The Null Device

Posts matching tags 'verlan'

2002/8/19

A NYTimes article about Verlan, a French argot spoken by immigrants and countercultural hipsters, in which words are arbitrarily reversed. I suppose it's sort of like a French equivalent of Palare, the English gay/carnival argot.

Thus the standard greeting "Bonjour, ça va?" or "Good day, how are you?" becomes "Jourbon, ça av?" "Une fête" (a party) has become "une teuf"; the word for woman or wife, femme, has become meuf; a café has become féca; and so on. The word Verlan itself is a Verlanization of the term l'envers, meaning "the reverse."

Originally a criminal argot in the 19th century, Verlan was adopted by second-generation immigrants after World War 2, and now by bourgeois trendies and rebellious teens. Perhaps not a small part of its countercultural appeal is going against the mainstream dogma of linguistic purism and sticking it to the Académie Française.

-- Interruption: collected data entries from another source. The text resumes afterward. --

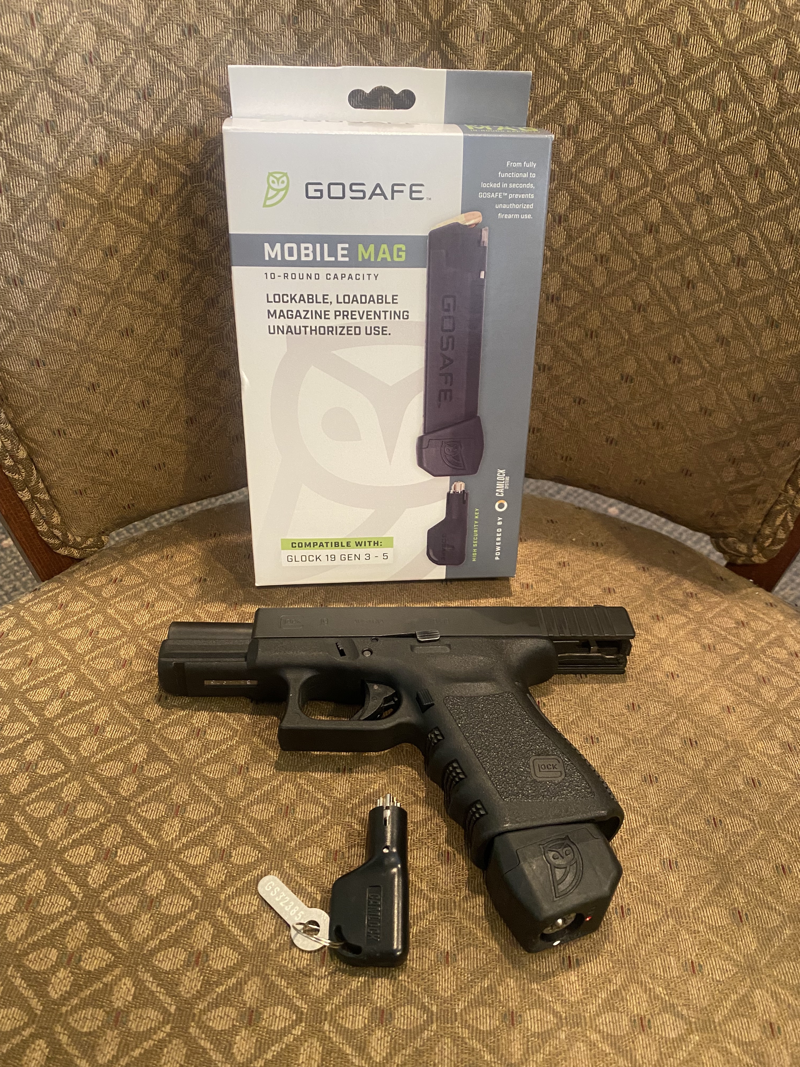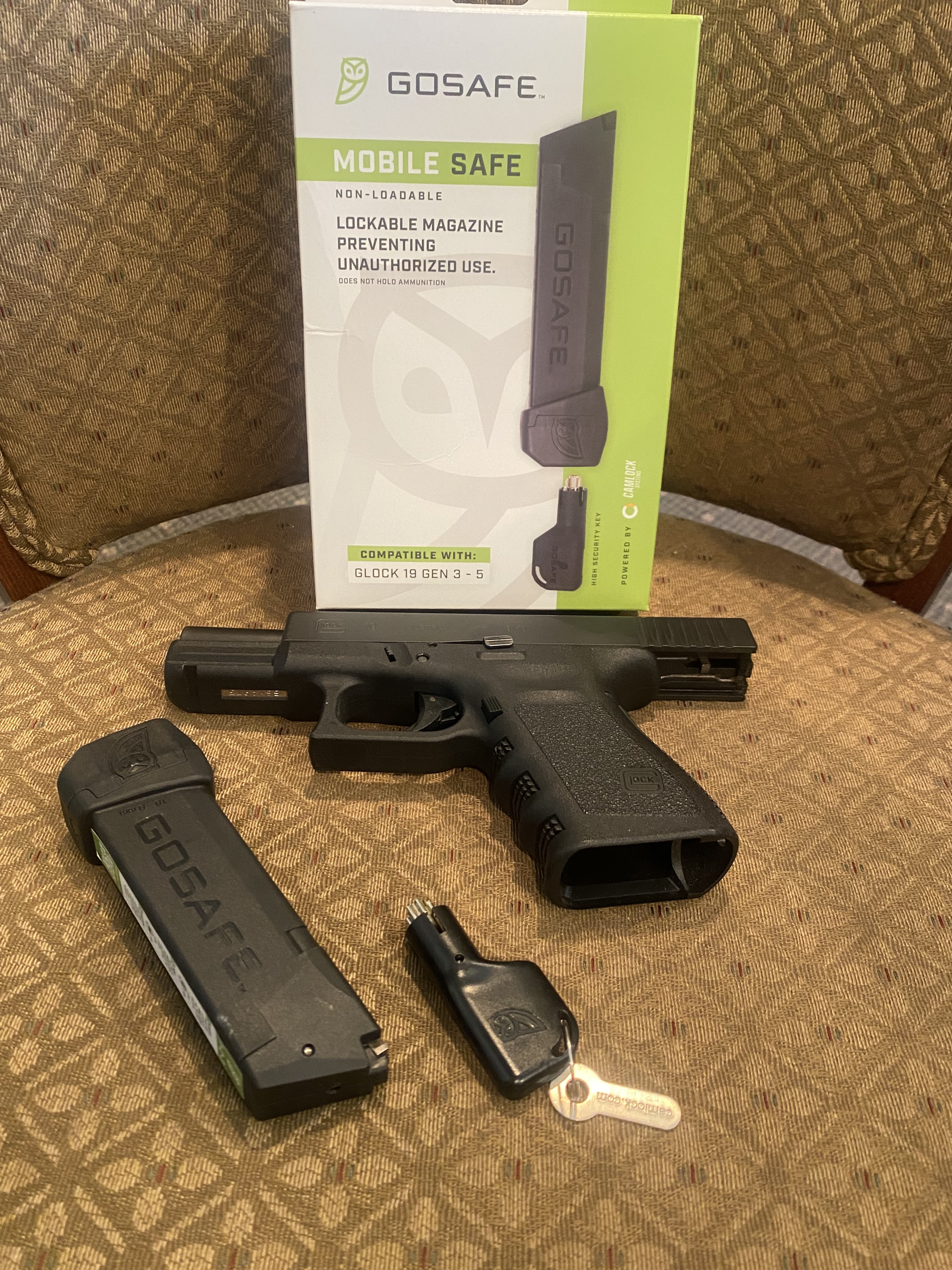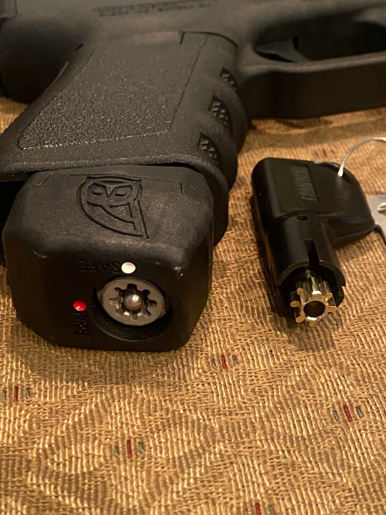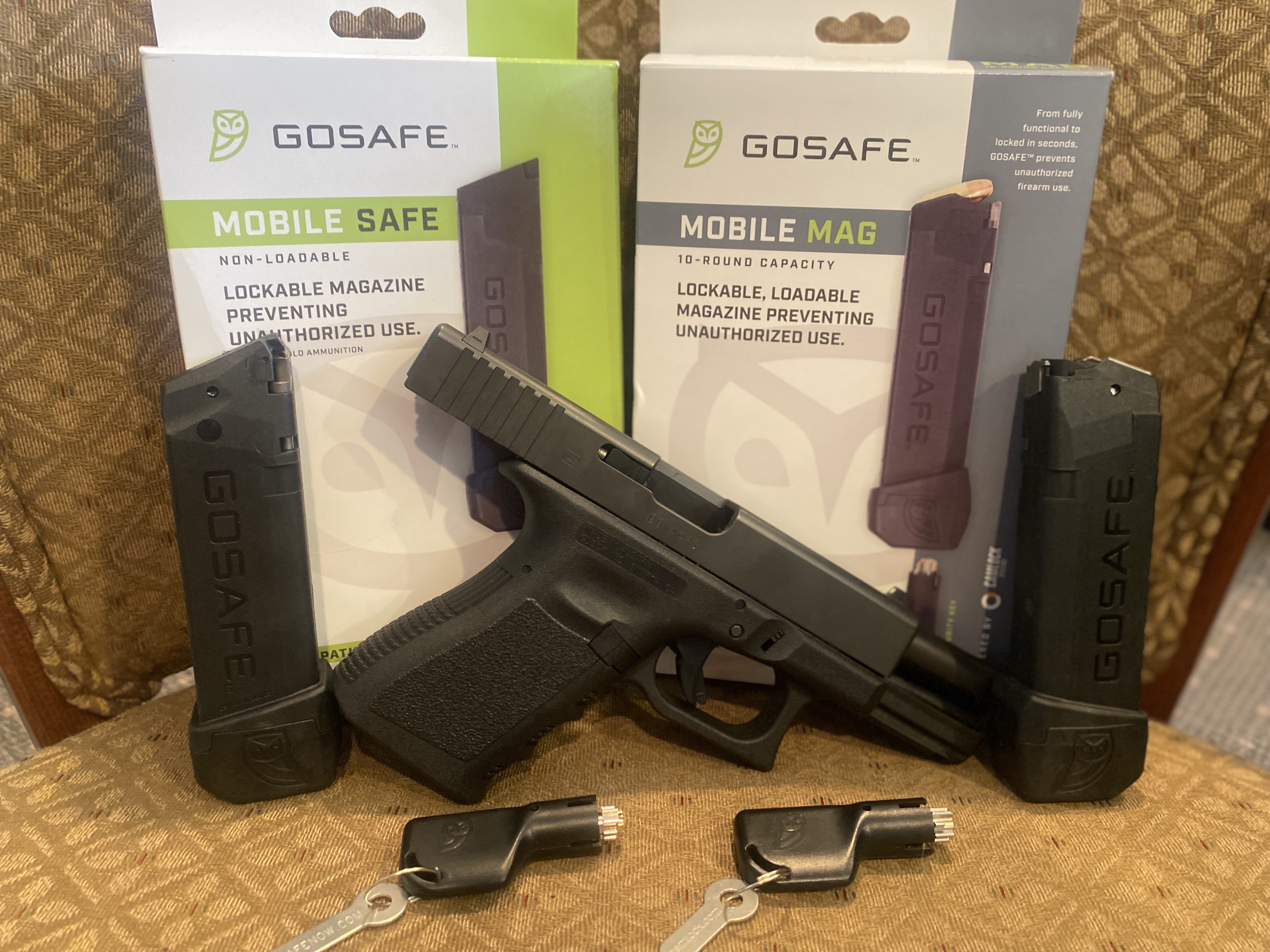Mobile Safe: A non-functioning, non-loadable dummy magazine, featuring a keyed lock on the base plate. The Mobile Safe contains no ammunition, it is only an internal gun safe. In order to operate the handgun, the Mobile Safe needs to be unlocked and dropped in order to facilitate a reload with a properly loaded magazine. With practice, this should take seconds to do. Easy to lock and unlock within seconds.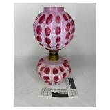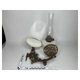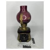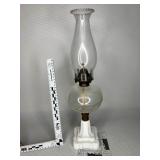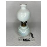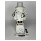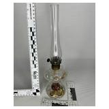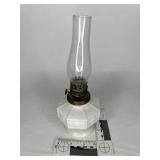 Kerosene Lamps · Clear fluted glass lamp with chimney · White & blue glass lamp with chimney · Purple glass lamp with matching chimney · White glass lamp with narrow clear glass chimney · Clear glass lamp with matching glass chimney · Clear glass lamp with handle and glass chimney · Clear glass lamp with chimney · Green glass lamp with metal shade and chimney · White glass lamp with matching glass shade and chimney · Honeycomb glass lamp with matching globe · White lamp with matching white globe · Clear glass lamp with red & white painted flowers with clear glass chimney · Clear glass lamp with chimney · Clear glass lamp with metal handle · Black glass lamp with clear chimney · Brass lamp oil can · Metal lamp post base lamp with clear chimney · Amber glass base lamp with clear chimney · White glass base lamp with clear chimney · White glass base lamp with clear chimney · Amber post with clear base lamp with painted images, clear chimney · Brass base lamp with clear chimney · Brown ceramic base lamp with clear chimney · White base lamp with clear chimney · Wall mount cast iron base lamp with reflector, white glass base and clear chimney · Amber base lamp with white glass globe shade · Clear glass small lamp with handle and chimney · White glass base lamp with clear glass chimney · Amber glass base lamp with clear glass chimney · Clear glass lamp with side handles and glass chimney · Walking lamp with metal base & glass chimney · Vapo Cresolene kerosene medical oil lamp · Clear glass lamp with round base with glass chimney · Press glass lamp without chimney · Clear pressed glass scalloped lamp with chimney · Pressed clear glass lamp without chimney · Ornate pressed clear glass lamp with chimney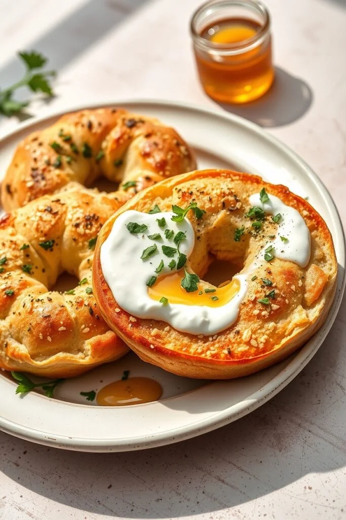 These protein-packed, gluten-free bagels are soft and fluffy, made with Greek yogurt and a flavorful balance of honey and herbs, perfect for any breakfast table.

Ms. Lefkowitz explained: "There are now different kinds of Verlan. There is the Verlan of the original group, the working class immigrants from the banlieus. Then there is the Verlan of the urban professionals, bourgeois Verlan or `Verlan geoisbour.' There is also the Verlan of the teenagers who use it to distinguish themselves from the adult word as a game and a form of amusement."